Successful investors have to be expert at
recognizing the difference between cyclical and structural. At the core
of my investing philosophy is this: I look for structural trends, simply
put "how is the world changing?". A perfect example that I’ve been
investing in for my entire career is the rise of ecommerce. It was not a
cycle that led to 4 years of ecommerce being favoured and then
mean-reverted to 4 years of brick and mortar retail outperforming.
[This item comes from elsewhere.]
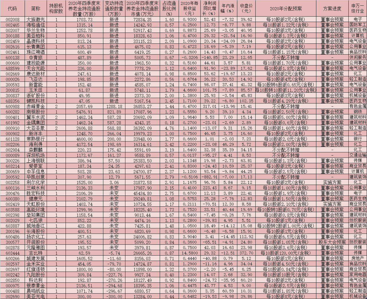 新進個股方面,截至去年四季度末,養(yǎng)老金新進持有16只個股,大族激光、海格通信、華蘭生物等3只個股在此期間養(yǎng)老金新進持股數(shù)量均超1000萬股,分別為1703.73萬股、1315.14萬股、1252.78萬股,美亞柏科、晶澳科技、長青集團、珠江啤酒等4只個股本期養(yǎng)老金新進持股數(shù)量也均逾500萬股。另外,中青旅、建投能源、天合光能、康達新材、飛亞達、新雷能、玉禾田、浙礦股份、鍵凱科技等9只個股本期也獲養(yǎng)老金的青睞。

That's the difference: cyclical change separates markets into growth
companies and value companies. Structural change separates the market
into winners and losers.
Losers don't mean revert…they go bankrupt. It is important to recognize the difference.
With
that in mind, here is my outlook, but not for the market, rather for
the structural growth trends I'm currently invested in:
• Move to the cloud
The
transition to cloud computing will continue stronger than before: prior
to COVID 19 it was considered a "nice to have", it is now considered
existential. As one CEO told me very recently, "If I don’t get to the
cloud like…yesterday, I don't have a business tomorrow". It is a
once-in-a-generation type shift that is changing the way every company
on the planet does business. Not many things do that.
• Rise of Ecommerce
In
my opinion, Ecommerce will only accelerate even further as it has
become the only option in a COVID world. Even in a post-COVID world, we
think behaviour will change with physical brick and mortar stores not
being used as much. Every crisis in the past 20 years has sped up the
market share gains of ecommerce. I expect this time will be no
different.
• The Electronification of Money
This actually
started in 1950 with the first credit card and has grown globally at a
rapid rate for over 60 years. I expect this to accelerate during this
environment and continue afterwards. Why…ever look at money under a
microscope? Don't.
• Diagnostics and Research
It has been on the rise for two decades and I believe it will again accelerate as a result of this environment.
Everything
we own in these areas earns substantially more than their cost of
capital – that’s where compounding comes in. We believe this will
continue for at least the next decade. That kind of compounding makes
short-term concerns meaningless.
Hear more from Randy about his philosophy and approach
Listen to his latest update OnDemand
Investment risks
The
value of investments and any income will fluctuate (this may partly be
the result of exchange-rate fluctuations) and investors may not get back
the full amount invested.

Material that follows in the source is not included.